Attention

Advance Notice: Bessemer will be retired at the end of the day on Friday 31st October 2025.

STAR

STAR (Spliced Transcripts Alignment to a Reference) is a software for RNA sequence alignment. STAR aligns RNA-seq reads to a reference genome using uncompressed suffix arrays.

The latest STAR manual can be found at: https://github.com/alexdobin/STAR/blob/master/doc/STARmanual.pdf which will detail the many available command arguments.

Interactive usage

After connecting to Bessemer (see Establishing a SSH connection), start an interactive session with the srun --pty bash -i command.

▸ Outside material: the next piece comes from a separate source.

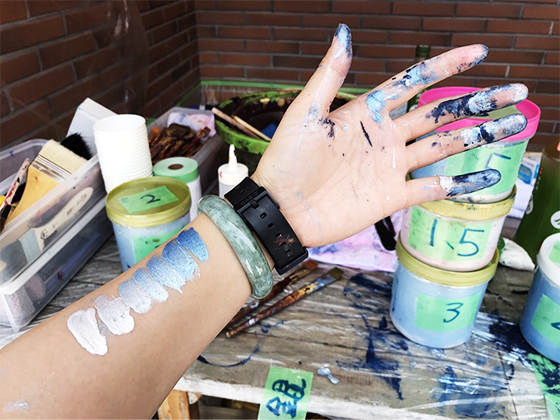 〈おまけ〉 木村英輝先生が、 そう、指がピアノや手芸を嗜んでいそうな、 壁画制作時には、 これが、私の【ありのまま】。

STAR can be loaded with the command:

module load STAR/2.7.6a-GCC-9.3.0

After this any of the STAR commands can be run from the terminal prompt. The available commands can be obtained using:

STAR --help

Batch usage

Download and unpack the input files from https://www.gencodegenes.org/human/. We will use the comprehensive gene annotation (regions: PRI), for the purpose for this example we use only the data/annotations for chromosome 19 to map to.

#!/bin/bash
# download the "Genome sequence, primary assembly (GRCh38)" fasta file
wget https://ndownloader.figshare.com/files/14669702 && \
mv 14669702 GRCh38.primary_assembly.genome.chr19.fa.gz && \
gunzip GRCh38.primary_assembly.genome.chr19.fa.gz

# download the annotations that correspond to it
wget https://ndownloader.figshare.com/files/14658830 && \
mv 14658830 gencode.v29.primary_assembly.annotation.chr19.gtf.gz && \
gunzip gencode.v29.primary_assembly.annotation.chr19.gtf.gz

The following is an example batch submission script, my_job.sh, to run the executable STAR. The script requests 4 cores using the OpenMP library and multi-threading with a runtime of 5 minutes and 2 GB of real memory per core to generate a genome index using the above data/annotations.

#!/bin/bash
#SBATCH --job-name=STAR_test
#SBATCH --cpus-per-task=4
#SBATCH --mem=2000
#SBATCH --output=output_STAR_4.%j.out
#SBATCH --time=00:05:00
#SBATCH --mail-user=a.person@sheffield.ac.uk
#SBATCH --mail-type=ALL

module load STAR/2.7.6a-GCC-9.3.0

STAR --runThreadN $SLURM_NTASKS --runMode genomeGenerate --genomeSAindexNbases 11 --genomeDir ./STAR --genomeFastaFiles GRCh38.primary_assembly.genome.chr19.fa \
--sjdbGTFfile gencode.v29.primary_assembly.annotation.chr19.gtf

The job is submitted to the queue by typing:

$ sbatch my_job.sh

The output file will be written in the subdirectory STAR.

Installation notes

Installation method

This section is primarily for administrators of the system. STAR has been installed using the default Easybuild config files.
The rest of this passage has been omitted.